Fact #2: If you actually crunch the numbers, as I have done, the UC got $13,000 per student in 1990, and in 2008-09, they got over $15,000. UC argues that if you use a special inflation index, a calculation that they have never revealed, you see that in terms of “real dollars,” state support has been cut in half; however, the truth is that state support has gone up, and the UC cannot account for how state funds are spent. Moreover, the UC does not tell students or parents that the UC Office of the President redistributes state funds and student fees to the campuses according to some secret formula. By claiming that the state has cut its funding in half, the UC is able to blame the state for all of the university’s problems, and then after attacking the state, the administration expects lawmakers to turn around and increase their funding for the UC system.
Myth #3: The UC had its budget cut by $800 million during the 2008-09 fiscal year.
Fact #3: According to its own audited financial statements, the UC’s funding from the state went up $300 million in 2008-09. It turns out that when President Yudof and other UC officials sought to justify the raising of student fees and the furloughing of employees, they constantly hid the fact that the state’s funding reductions for 2008-09 were erased by the federal recovery money and additional state funding. While, it is true that for 2009-10, state funding was actually cut, the problem is that we do not know by how much and if any federal recovery money has been used to reduce the total loss of state funding.

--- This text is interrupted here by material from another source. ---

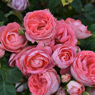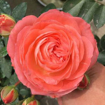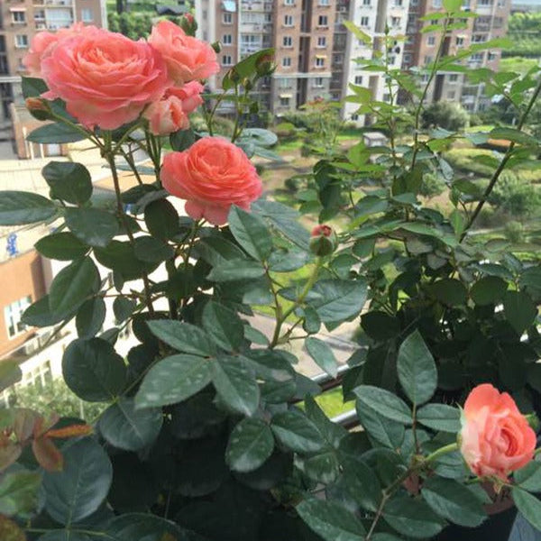 Nova King Terrazza, also known as Salmon Red Balcony, has red flowers with a diameter ~ 3 inch. It has strong fruity fragrance. It is a compact rose in the balcony series. The plant grows to ~1.5 ft. It produces a large number of flowers with multiple blooms and repeats blooming in multiple seasons. It is highly disease-resistant, thornless, and has a low-growing habit, making it ideal for planting on balconies.

Myth #4: Most of the UC’s funding is restricted, so you cannot use money from a grant to study laser technology to pay the salary of an English professor.
Fact #4: According to its own audited statements, only about a third of UC’s budget of over $20 billion is restricted by law. The UC likes to pretend that it cannot move money around, but that is what it always does. For instance, when a professor gets a grant to study laser technology, he uses part of the grant to buy himself out of his teaching duties. His department then takes this buyout money from the external grant to hire a grad student or lecturer to teach the professor’s course. The strict line between the restricted external grant funds and the state-supported unrestricted instructional funds has now been broken.
Another proof that restricted and unrestricted funds are combined is by the fact that many administrators have their salaries paid out of a combination of state funds, student fees, endowment funds, and external grant indirect costs. Moreover, even when an outside donor gives money to the university to support an endowed chair in History, this means that the university does not have to use its own unrestricted funds to pay for the position. In short, the strict border between restricted and unrestricted funds is constantly being crossed in the UC system.
Myth #5: UC has a budget crisis.
Fact #5: In 2008-09, the UC had a record year of revenue, and it looks like revenue in 2009-10 will be even higher. In almost every category of the UC budget, we see that the UC has been able to bring in more money as it raises student fees and furloughs and layoffs employees. Last year, due to the federal stimulus, the university received a large increase of research money, and the one-year augmentation of student fees by over 23% helped the system to recoup any losses caused by the 2009-10 state reductions. Also, while the UC claims that it will bring in an additional $195 million from the furloughs, it is possible that the salary reductions saved at least twice that amount.
Myth #6: UC has to spend more money on administrators.
Fact #6: While the UC has tried to justify its constant expansion of the administration, we have shown that not only are these increases unneeded, but they take away funding and power from the faculty. Twenty years ago, there were more faculty than staff, and now the faculty only represent a quarter of all employees. Moreover, administrators and bureaucrats have some of the highest salaries in the system.
It is time for the faculty and the students in the UC system to stop buying the administration’s line and to force the university to respect shared governance by providing accurate and transparent budget information.